Катька, а за ней и Манька начали оглядываться, утаскиваемые двумя мальчишками, пытались помахать отцу, но воспитательница толкала их вперед: быстро! быстро!
– То-олько стро-о-оем!..
Серов стоял с папкой под мышкой, мучительно, жгуче жалел и дочек своих, и весь мир. Топил все в апостольских, алкоголических слезах. Ведь нет сильнее, мучительнее чувства, чем жалость. Нет ведь, нет! Понимать скоротечность, глупость жизни людей, понимать… понимать… взять чернил – и плакать. Да-а-а… Однако торопливо стал вытираться платком, увидев, что явно к нему спешит от детсада бухгалтерша. Прямо спотыкается о плиты дорожки, скачет. Никак не может подогнать (рассчитать) их длину под торопливенький свой шаг. «Вы что же это, Серов, а? Елена Викторовна вам сколько говорила? (Елена Викторовна – это мадам Куроленко.) Нам что, в суд на вас подать? Вы когда должны были заплатить? Какого числа? А сегодня какое?..»
Отлаяв – пошла. Жестко стянутые, как абхазские мочалки, волосы понесла от Серова будто раскидистый целеустремленный веник. Сейчас пригнется и что-нибудь смахнет с дорожки. И точно – пригнулась, смахнула с плиты скомканную бумажку. Вернее, подхватила ее. Как совком. И понесла. Понесла к урне у крыльца. Молодец. Прямо умница. Отличница. Пожизненная хорошистка.
Зачем он явился сюда? Для чего? Ноги, что ли, сюда его вынесли? Через дорогу, перед закрытым киоском за каким-то товаром сдавились граждане. В святой своей жадности обиженные – очень. Какое ему дело до них? Его ли это должно касаться? Пошли они все к дьяволу! Ему нет до них никакого дела! Бумаги их туалетные! Дихлофосы! К черту! Серов словно отцеплялся от чего-то, уходя. Да пошли они!..
Входную дверь открыла соседка Дылдова. Волосы ее были дремучи. «Ну?» – «К Дылдову». Серов пошел за ней. «Ходят тут. А Лешка, гад, за свет не плотит. Писатель сраный. Целыми ночами жгёт. Я что ему – миллионерша?» Утренняя растрёпа в халате стала набирать из крана в кастрюлю воду. С папиросой в зубах, как со свистком чайник. Выползла откуда-то ее мать-старуха. С нечесаными, как у дочери, волосами – как вконец опустившаяся паутина вконец запущенного паука. «Кто это пришел-то? Чёй-то и не узнаю совсем?» Левый глаз торчал, как выпавшая матка. «Да иди, иди ты, мать! «Не узнает» она! Еще один алкаш пришел к Лешке-алкашу! Иди давай, иди! Не узнает она, видите ли!» Старуха разом превратилась в старушку. Пошла, зашаркала шлепанцами. Отрясалась пальчиками, как льдинками. Да, церемоний тут не ночевало. Серов вынул из дылдовской двери записку. «Был. Зенов. Федор. 9.30.» Воткнул обратно в щель.
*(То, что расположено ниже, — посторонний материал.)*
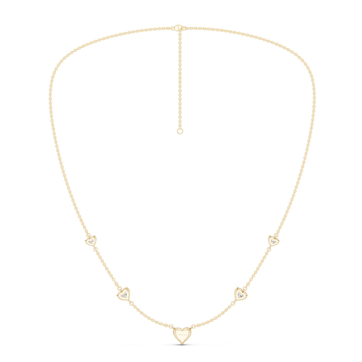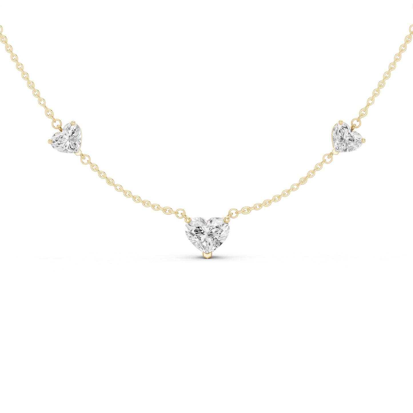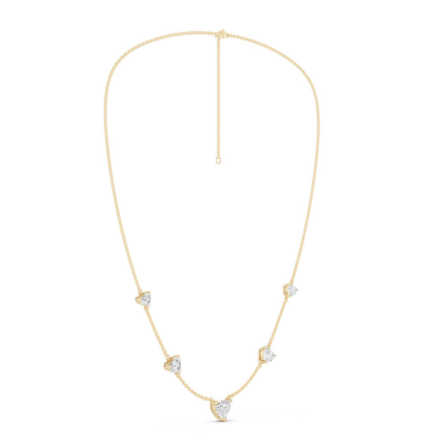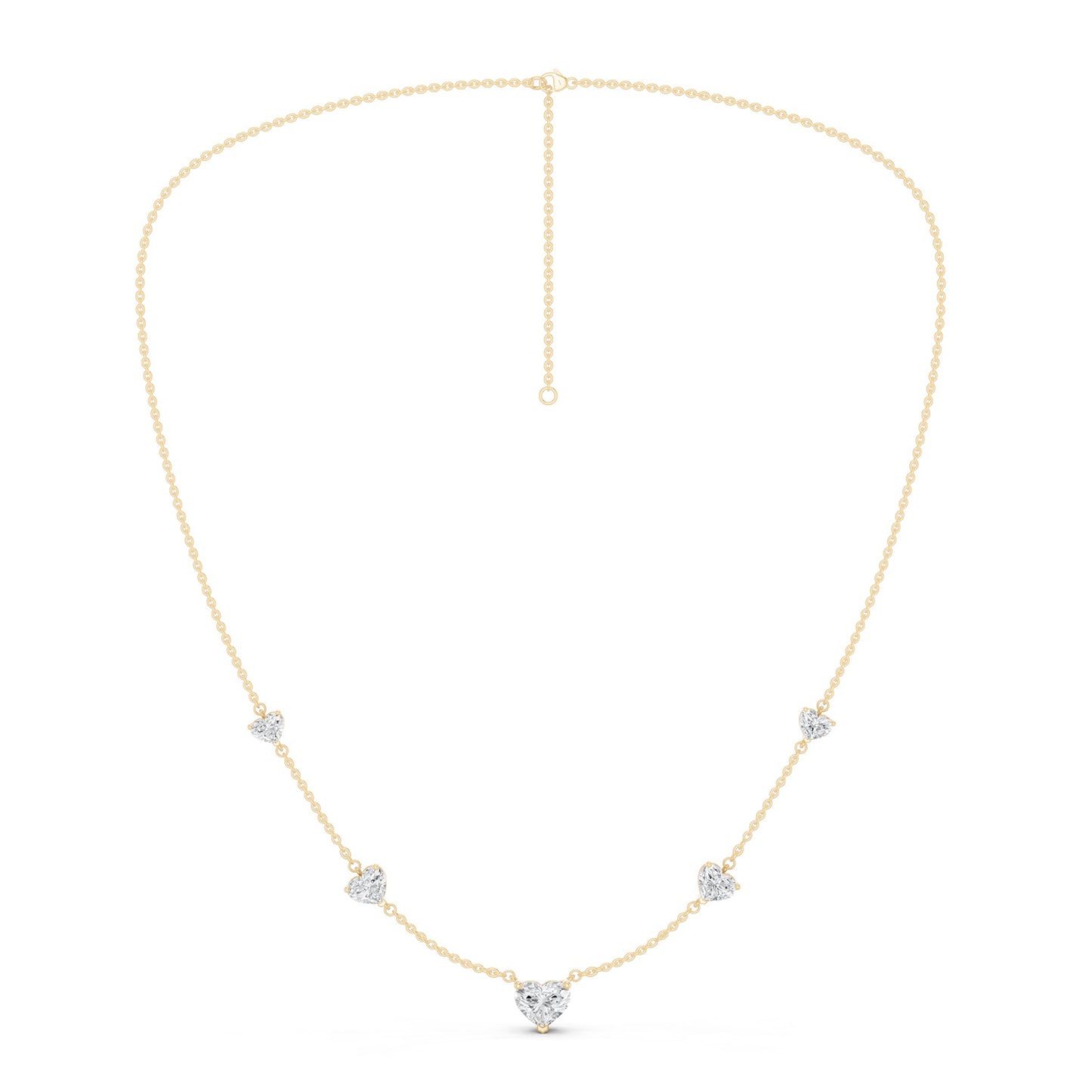 The 5 Heart Stationed Necklace is a celebration of romance in diamonds and gold. It has been crafted to adorn your neckline with a sparkling love of five heart-shaped lab-grown diamonds set on a beautiful gold necklace. Its stationed design adds to its modern flair and versatility, making it the perfect addition to your ensemble.

Сверху Воровского прямо на Серова пёрла какая-то посольская дама со связкой гнутых английских собак. Пёрла как с рыболовными крючками! Серов отскочил в сторону, разинув рот. Собаки цеплялись друг за дружку, образуя какое-то бестолковое перекати-поле, перманентная старуха наклонялась, кричала им по-английски (те ни черта не понимали), хлестала поводками, дергала. Тонкие ноги ее в тощих черных чулках были точь-в-точь как трусливые ноги у ее подопечных. Вся связка повалила вниз по Воровского. Пешеходы вставали на носочки. Как пред катящимся расстрелом! Прижимались к стенам домов! Да-а, Катька с Манькой не видят. Запомнили бы на всю жизнь! Серов даже прошел мимо четырехэтажного злосчастного своего здания, припрятавшегося за дымящимися утренними деревьями, не заметив его, забыв о нем.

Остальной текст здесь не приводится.